Numerical Calculation of Shear Stress Distribution on the Inner Wall Surface of CANDU Reactor Feeder Pipe Conveying Two-Phase Coolant

2007 ◽  
Author(s):  
Jong Chull Jo ◽  
Dong Gu Kang ◽  
Kyung Wan Roh
Keyword(s):  
Shear Stress ◽  
Stress Distribution ◽  
Wall Thickness ◽  
Shear Stress Distribution ◽  
Cfd Analysis ◽  
Two Phase ◽  
Accelerated Corrosion ◽  
Wall Thinning ◽  
Local Areas ◽  
Flow Accelerated Corrosion

Two-phase flow fields inside feeder pipes of a CANDU reactor have been simulated numerically using a CFD (computational fluid dynamics) code to calculate the shear stress distribution which is the most important factor to be considered in predicting the local areas of feeder pipes highly susceptible to FAC (flow-accelerated corrosion)-induced wall thinning. The CFD approach with schemes used in this study to simulate the turbulent flow situations inside the CANDU feeder pipes had been verified by showing a good agreement between the investigation results for the failed feedwater pipe at Surry Unit 2 plant in U.S. and the CFD calculation. Sensitivity studies of the three geometrical parameters such as angle of the 1st and 2nd bends, length of the 1st span between the grayloc hub and the 1st bend, and length of the 2nd span between the 1st and the 2nd bends had already been performed.
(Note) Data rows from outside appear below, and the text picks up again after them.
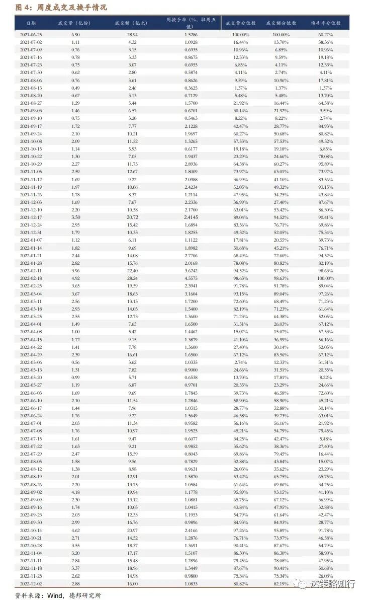 本周REITs成交活跃度下降。本周22只公募REITs平均换手率1.1%,成交金额平均值3.2亿元,成交量0.58亿份;上周平均换手率1.12%,成交金额平均值3亿元,成交量0.52亿份。22只公募REITs周度成交金额为16亿元,成交量为2.88亿份,较此前一周环比变化(6.82%)和(9.73%),对应上市以来历史分位水平分别为82.19%、80.82%;周度换手率为1.08%,对应上市以来历史分位水平为35.62%。
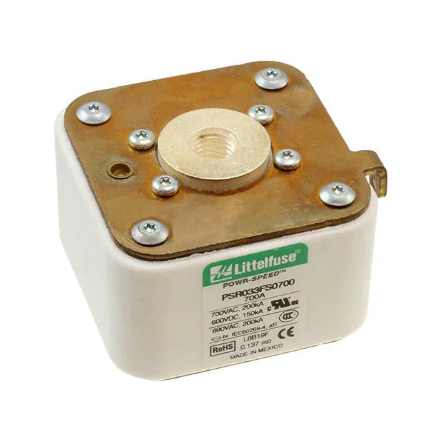 This is manufactured by Littelfuse Inc.. The manufacturer part number is PSR033FS0700Z. It is assigned with possible HTSUS value of 8536.10.0040. The product is rohs3 compliant. Whereas, the breaking capacity of the product at rated voltage is 200ka ac, 150ka dc. 600 v of DC voltage rating. The product has -55°c ~ 125°c operating temperature range. It is approved by ccc, ce, curus, ul. The product exhibits 700 v of AC voltage rating. In addition, it is reach unaffected. The product is widely employed in semiconductors. It has a 56763 melting I²t. It responds within fast blow. It is shipped in bulk. The product's diameters include 2.008" l x 2.894" w x 3.130" h (51.00mm x 73.50mm x 79.50mm). It has a long 9 weeks standard lead time. Additionally, the product's output is 700a Its typical moisture sensitivity level is not applicable. The product is available in bolt mount configuration. The product powr-speed® psr, is a highly preferred choice for users. It integrates a square fuse type. The product is designated with the ear99 code number
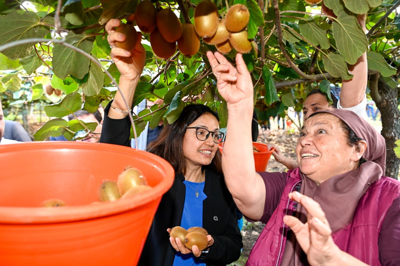 Müdürlüğü tarafından Sezer ve Oğuz Gezer'in kivi bahçesinde düzenlenen hasada Vali
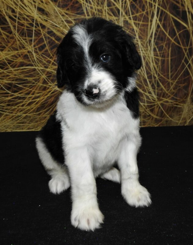 First of all these are temporary pictures until her fall photo shoot!!! We are very excited to add Panda to are Goldendoodle Program. Panda is out of a AKC Brown and white Standard Poodle female and a white creme AKC English Golden Retriever and carries the party gene! She weighs in at aprox. 70 # and has a very soft easy going temperment. Look for her to produce some very high quality F1b non-shedding goldendoodles with flowing black wavy to curly coats with white markings on the chest and toes possible. She is very intelligent and has alot to offer in our breeding program. Look for her puppies to be eyecatchers for sure!!!
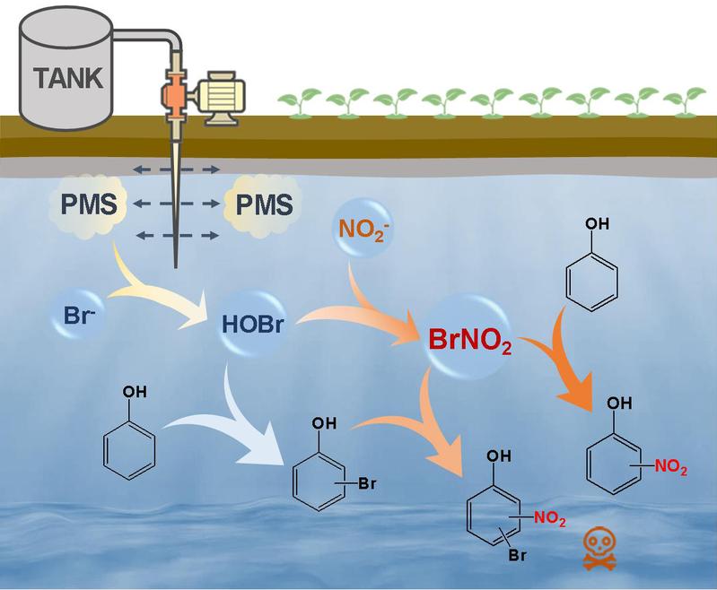 基于硫酸根自由基(SO4•-)的高级氧化工艺(SR-AOPs)在土壤及地下水污染的原位修复领域具有广阔应用前景。SO4•-可以由加热、紫外辐射、过渡金属离子或碱活化过一硫酸盐(PMS)或过二硫酸盐(PDS)产生,该自由基具有氧化电位高(2.5-3.1 V)、选择性好、寿命长和化学稳定性强等特点。以往的研究发现,环境中普遍存在的溴离子(Br-)和亚硝酸盐(NO2-)均能够被SO4•-氧化,生成一系列溴代副产物和硝基副产物。然而,目前对于未活化的PMS氧化过程中溴代和硝基副产物共生成情况鲜有研究。
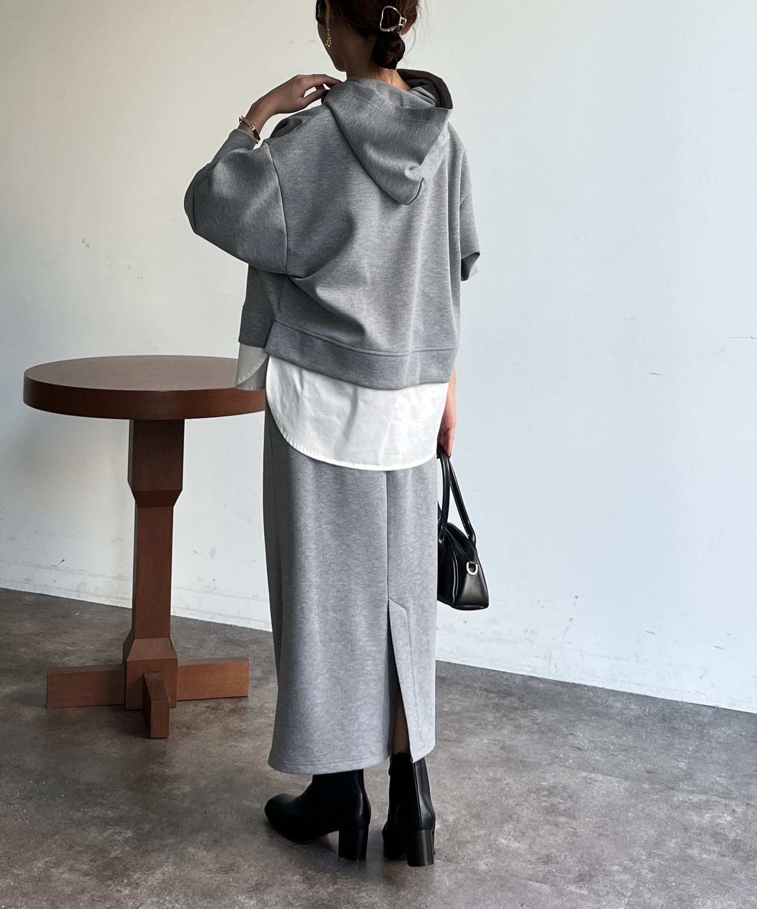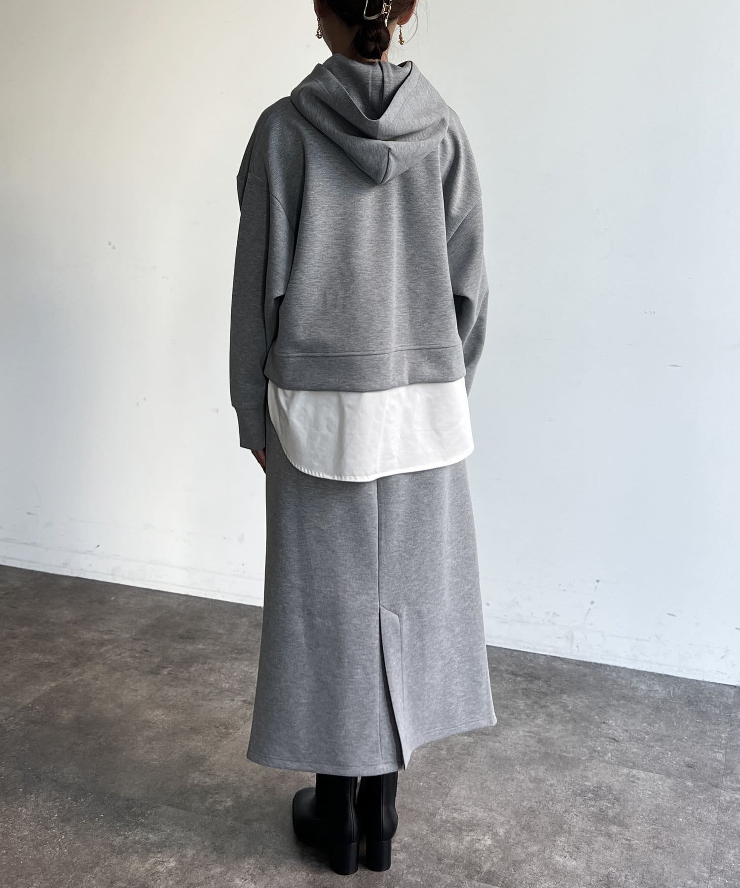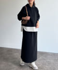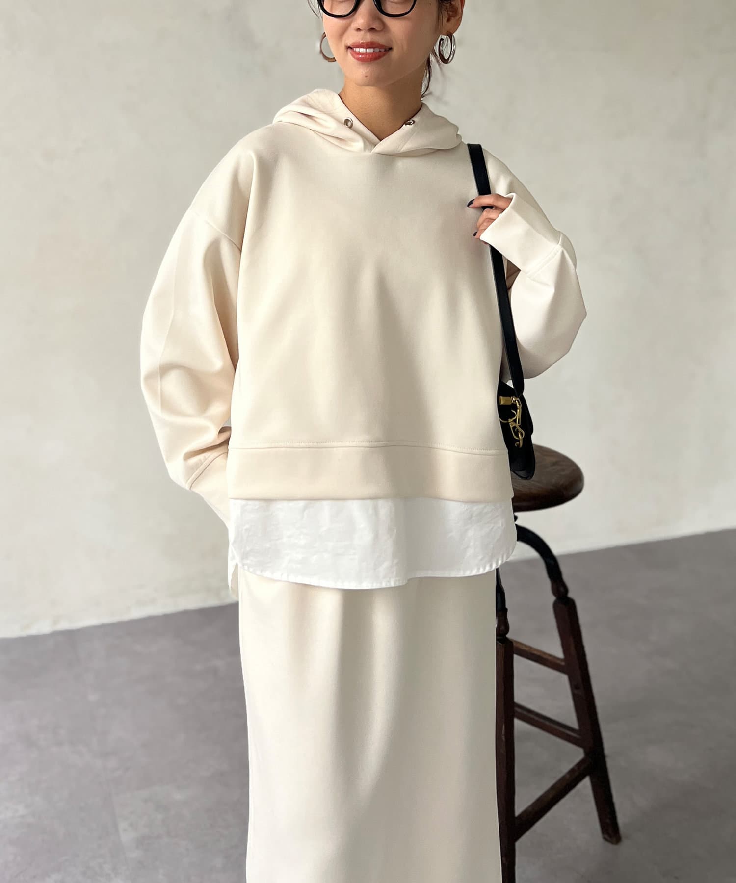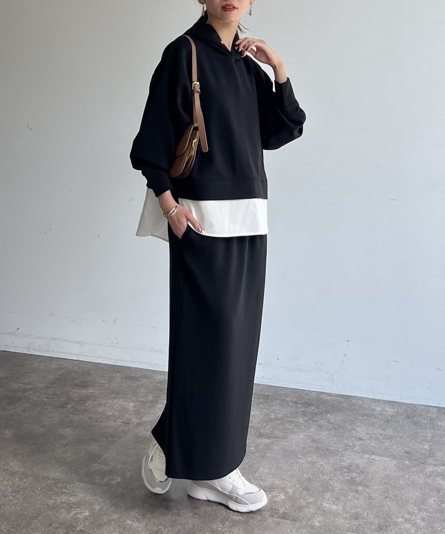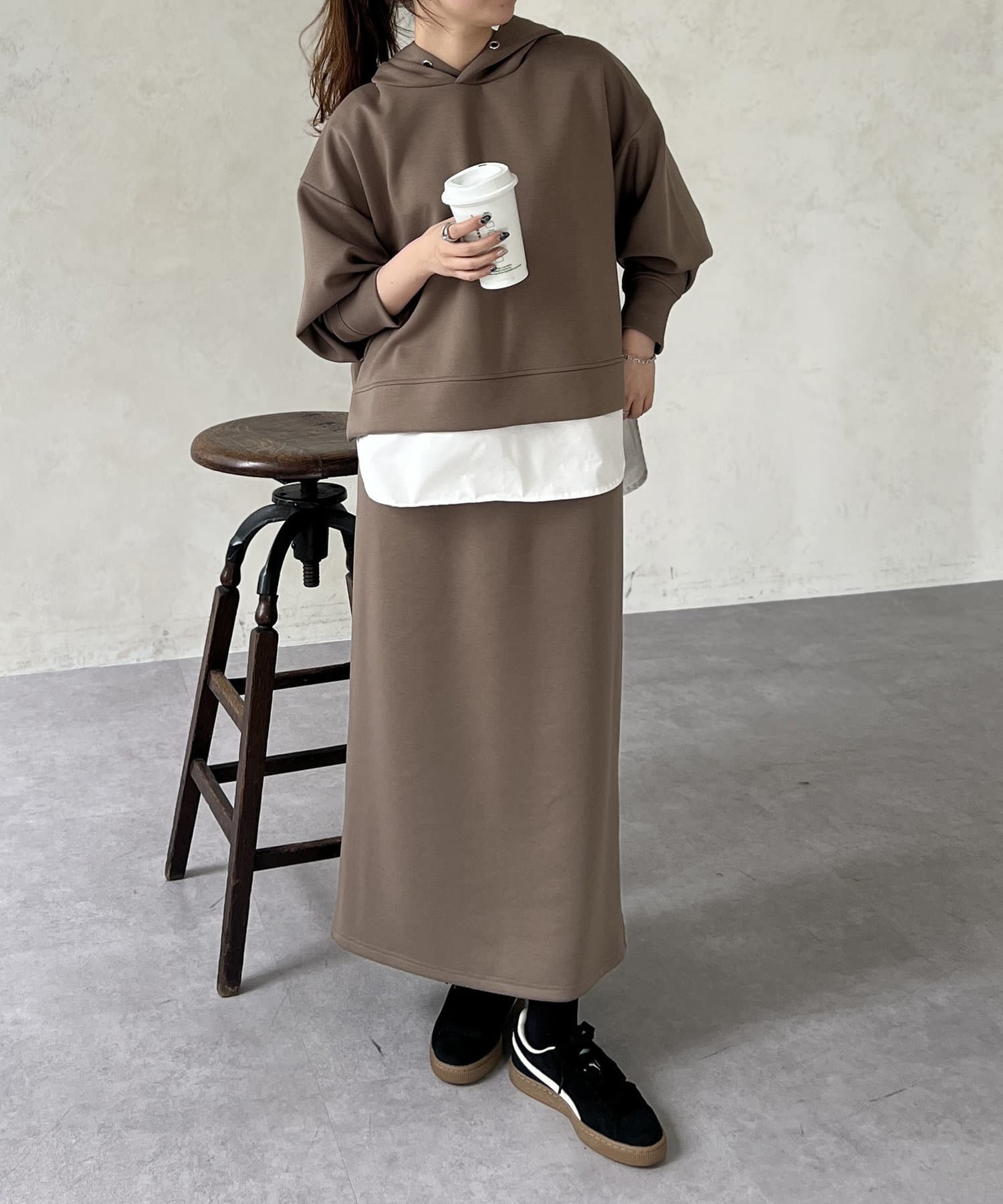 【着回し力抜群】ボンディングフードプルオーバー×ナロースカート

In this study, the effects of void fraction of the primary coolant coming out from the exit of pressure tubes containing nuclear fuels on the fluid shear stress distribution at the inner surface of feeder pipe wall have been investigated to find out the local areas of feeder pipes conveying two-phase coolant, where are highly susceptible to FAC (flow-accelerated corrosion)-induced wall thinning. As the results of CFD analysis, it is seen that the local regions of feeder pipes of the operating CANDU reactors in Korea, on which the wall thickness measurements have been performed so far, are not coincided with the worst regions predicted by the present CFD analysis where is the connection region of straight & bend pipe near the inlet part of the bend intrados. Finally, based on the results of the present CFD analysis a guide to the selection of the weakest local positions where the measurement of wall thickness should be performed with higher priority has been provided.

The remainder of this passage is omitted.